I'm asked to make a genetic algorithm with the goal to determine an 8 bit string with the the most 1's and 0's. The eval function should return the number of changes plus 1. So for example 00000000 returns 1, 00011100 returns 3, and 01100101 returns 6. This is what I have:

def random_population():
    from random import choice

    pop = ''.join(choice(('0','1')) for _ in range(8))
    return pop   

def mutate(dna):   
    """   For each gene in the DNA, there is a 1/mutation_chance chance 
    that it will be   switched out with a random character. This ensures 
    diversity in the   population, and ensures that is difficult to get stuck in 
    local minima.   """   
    dna_out = ""   
    mutation_chance = 100   
    for c in xrange(DNA_SIZE):
        if int(random.random()*mutation_chance) == 1:
            dna_out += random_char()
        else:
            dna_out += dna[c]   return dna_out

def crossover(dna1, dna2):   
    """   Slices both dna1 and dna2 into two parts at a random index within their   
    length and merges them. Both keep their initial sublist up to the crossover   
    index, but their ends are swapped.   """   
    pos = int(random.random()*DNA_SIZE)
    return (dna1[:pos]+dna2[pos:], dna2[:pos]+dna1[pos:])

def eval(dna):
    changes = 0
    for index, bit in enumerate(dna):
        if(index == 0):
            prev = bit
        else:
            if(bit != prev):
                changes += 1
        prev = bit
    return changes+1


#============== End Functions =======================#


#============== Main ================# changes = 0

prev = 0
dna = random_population()
print "dna: "
print dna
print eval(dna)

I am having trouble actually figuring out the genetic algorithm part (cross over / mutation). I should randomly pair the numbers and then randomly select a pair leaving one pair untouched and then cross over at a random point. Then it will end by randomly mutating one bit out of the entire population. The current code for crossover and mutate was just taken from a genetic algorithm example I found and was trying to understand.
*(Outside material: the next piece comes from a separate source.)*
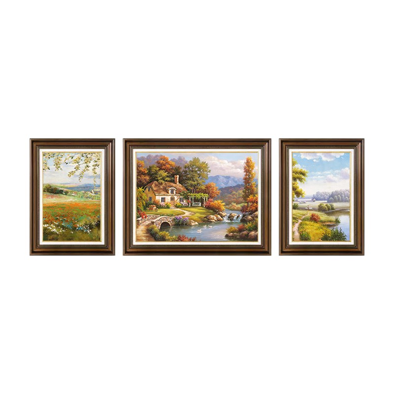 美式客厅装饰画三联画欧式风景画沙发背景墙挂画复古油画法式壁画
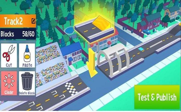 3、在【Track2】编辑赛道,用【Cut】【Paste】等工具,放置建筑、观众块,完成后点【Test-Publish】测试。

Any fhelp is welcome.

Answer 1

One thing that I have found that I like to do is this:

1. Select the top candidates of your last batch lets say 5.
2. Have 1 mate with 2, 3, 4, 5.
3. Have 2 mate with 3, 4, 5
4. Have 3 mate with 4 and 5
5. Have 4 mate with 5. Generally your population will already be full before you reach this point if you let the original 5 into the next gen and each mating results in 2 offspring. One mating and its opposite twin.
6. As far as the actual crossing I like to randomly cut the chromosomes at a point between 40% and 60% of the length, then at the next mating I pick another random point in the range.
7. After I have mated them I go over every bit in my chromosome and give it roughly a !5% chance of flipping or mutating
8. Sometimes I also let some of the worst two mate as well to lower my chance of a local maxima or minima

I hope this was a little helpful to you.

-Jeff

EDIT: Oh my this was asked in April. Sorry for grave digging.

Answer 2

Part of what I would suggest:

The code is not working but maybe it transports information.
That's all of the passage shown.